Astroturf is not the only resistance strategy. Other opposition will grow through under-funded local media, which spreads misinformation on a pay-to-play basis, and local codes or guidelines written to limit certain development.

Are they succeeding? In part. In the past year, significant projects were shelved due to community pressure, including a 650-MW project on Staten Island that was canceled. Others, like the 320-MW Seguro project in San Diego, are mired in hearings. Some of these projects are large enough to materially affect regional storage deployment, and all will cause developers to think twice about planning projects anywhere near communities.

Batteries Withstanding Market Battering

Taking all the positives and negatives together, 2026 should be a solid, though not soaring, year. Batteries will continue to be the bright spot in the clean energy landscape in the United States, and their ability to support the grid and delay costly transmission projects makes them critical.

To help the market grow, developers will need to get ahead of community resistance or focus on projects away from residential areas or rural idylls rather than risk being mired in endless permit fights. Groups like American Clean Power need to continue educating and lobbying critical audiences to ensure BESS projects aren’t unduly harmed.

And the industry needs to differentiate types of lithium-ion batteries to end-run community and fire service objections. LFP, despite its lower energy density, will continue to take an ever-larger share of the market, at least until new chemistry batteries are widely available.

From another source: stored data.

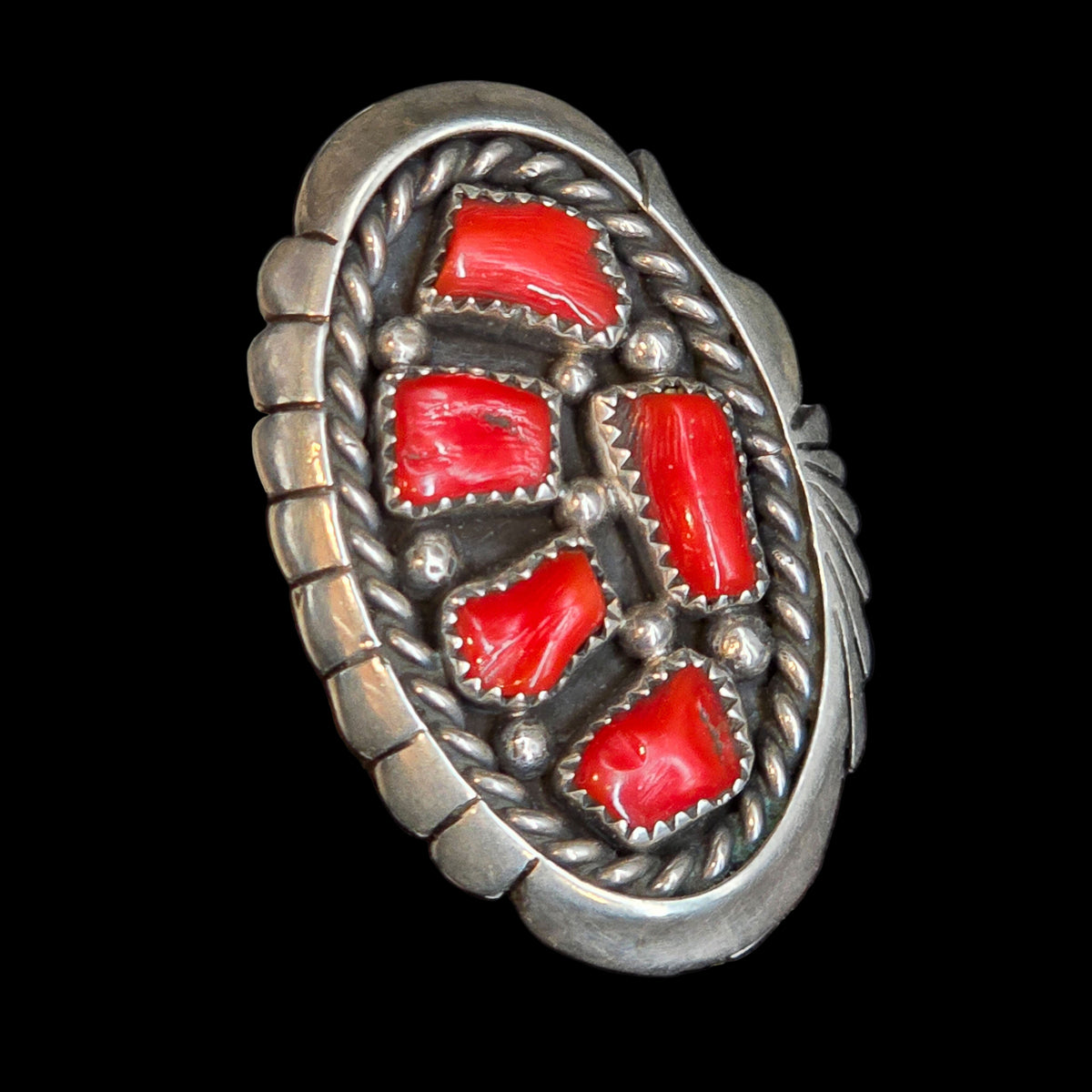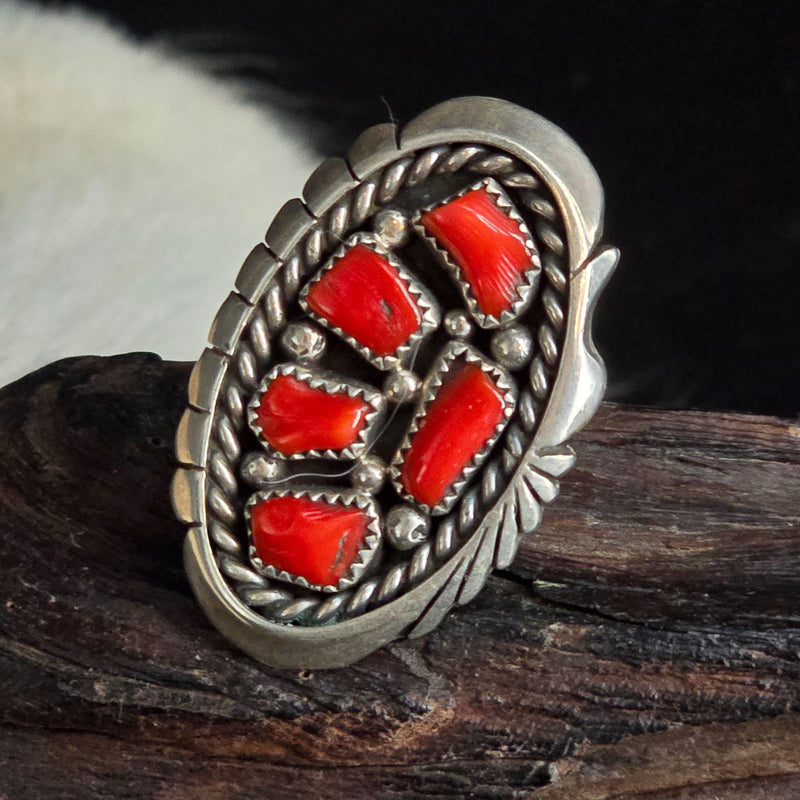Red Coral Oval Sterling Ring - Size 6.5 - RMH196
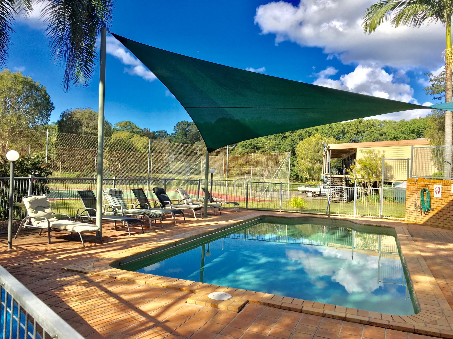 There is a gazebo and barbecue area next to the canal at the back and a heated pool/gazebo area and tennis court at the front next to the large pond.
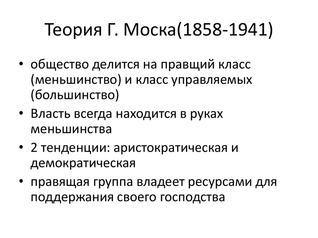 Теория Г. Моска(1858-1941)• общество делится на правщий класс
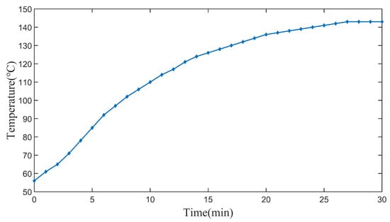 The temperature variation of the test motor winding was measured by the resistance method, and the curve is shown in Figure 18. At the beginning of the experiment, the winding temperature was about 56 °C. As the working time of the motor increased, the winding temperature gradually increased until it reached a near-equilibrium state after 30 min, with a temperature of 143 °C. Thereafter, the temperature change was not significant, indicating that the motor had reached a thermal equilibrium state. Since the insulation level of the motor was F-class, the maximum allowable temperature was 155 °C, so the winding temperature rise was within the allowable range.
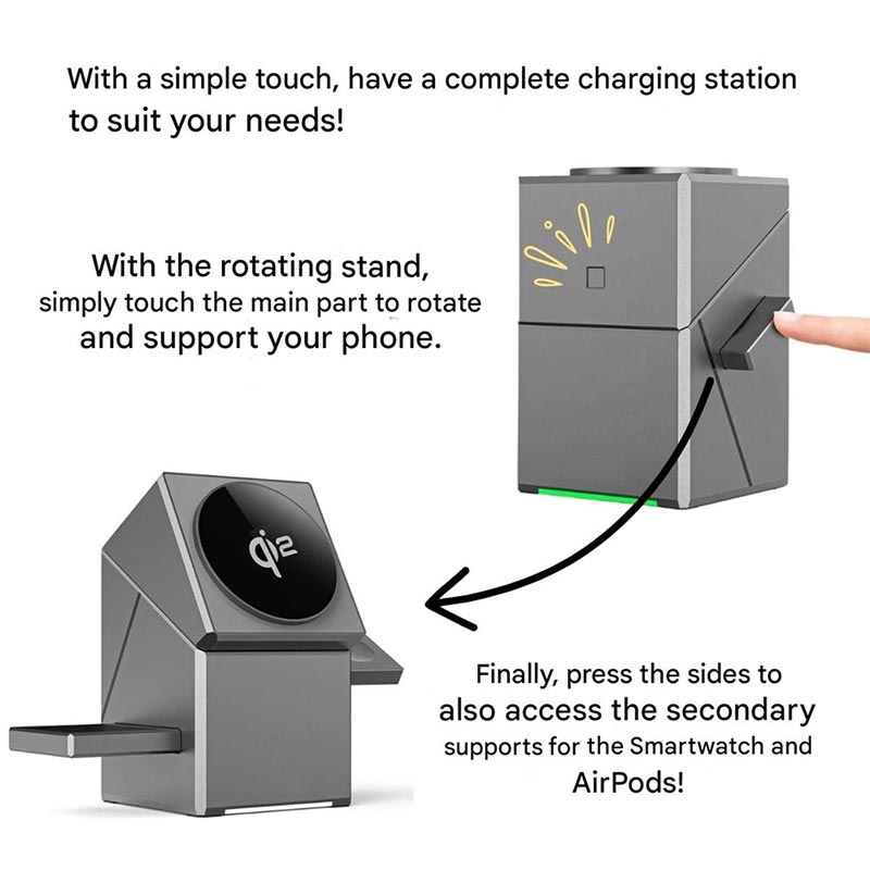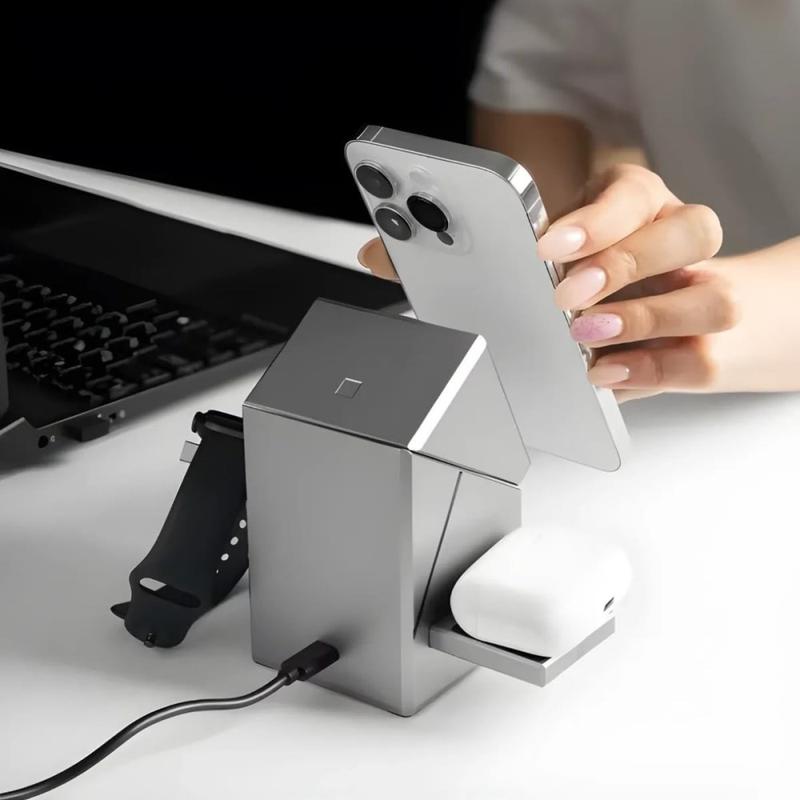 The Qi2 magnetic wireless charger 15W is a refined 3-in-1 charging solution designed for modern Apple users who value both performance and design. Its engineered rotatable construction allows the charger to transition from a compact cube into a fully functional charging station, creating a clean, elegant setup for everyday use. With fast Qi2 magnetic charging, precise alignment, and a space-saving form, it delivers a seamless charging experience at home, at the office, or while travelling.
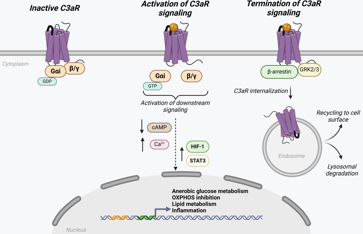 在無(wú)活性狀態(tài)下,C3aR與異三聚體G蛋白復(fù)合物的Gαi亞家族結(jié)合。配體結(jié)合(C3a或TLQP-21)后,附著在Gαi上的GDP轉(zhuǎn)化為GTP,導(dǎo)致亞基解離成Gαi和Gβγ。這種解離啟動(dòng)下游信號(hào)級(jí)聯(lián),抑制腺苷酸環(huán)化酶,降低cAMP水平,增加鈣通量。在下游,C3aR激活激活STAT3和HIF-1等轉(zhuǎn)錄因子,啟動(dòng)與炎癥、脂質(zhì)代謝、葡萄糖代謝和OXPHOS抑制相關(guān)的基因轉(zhuǎn)錄。為了終止這一信號(hào)級(jí)聯(lián),GRK2/3磷酸化C3aR的胞質(zhì)環(huán)和尾部,促進(jìn)β-阻滯蛋白識(shí)別并與受體結(jié)合。β-抑制蛋白結(jié)合觸發(fā)受體復(fù)合物的內(nèi)化,然后在核內(nèi)體進(jìn)行分類。該復(fù)合體要么被引導(dǎo)到循環(huán)內(nèi)體,受體再循環(huán)到細(xì)胞表面,要么被送到溶酶體降解。
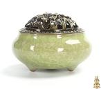 香炉 お香 線香 お香立て 陶器 アロマ 陶磁器 おしゃれ 蓋付き 香立付き 薄緑色( 香立付き 薄緑色)
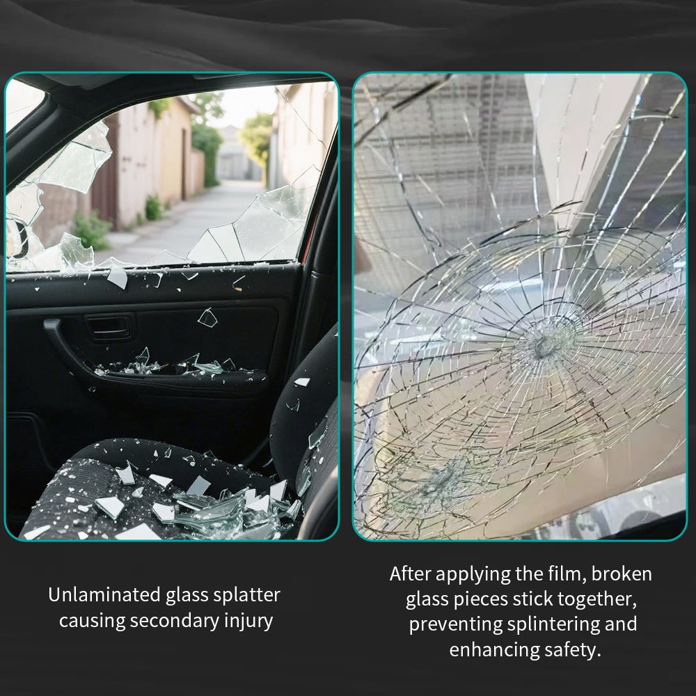 - Anti-Shatter & Fragmentation: In the event of accidents or impacts, the film holds glass fragments together, preventing them from scattering. This protects occupants from serious injuries and maintains the integrity of the vehicle’s interior.

Project developers and the grid their projects connect to operate in time frames well beyond any single administration. BESS projects are fortunate to have avoided the Trump administration’s crosshairs, which harmed other clean energy sectors. My hope for 2026 is that it will continue to work its magic, quietly installing reliability and avoiding controversy.

Power Play columnist Dej Knuckey is a climate and energy writer with decades of industry experience.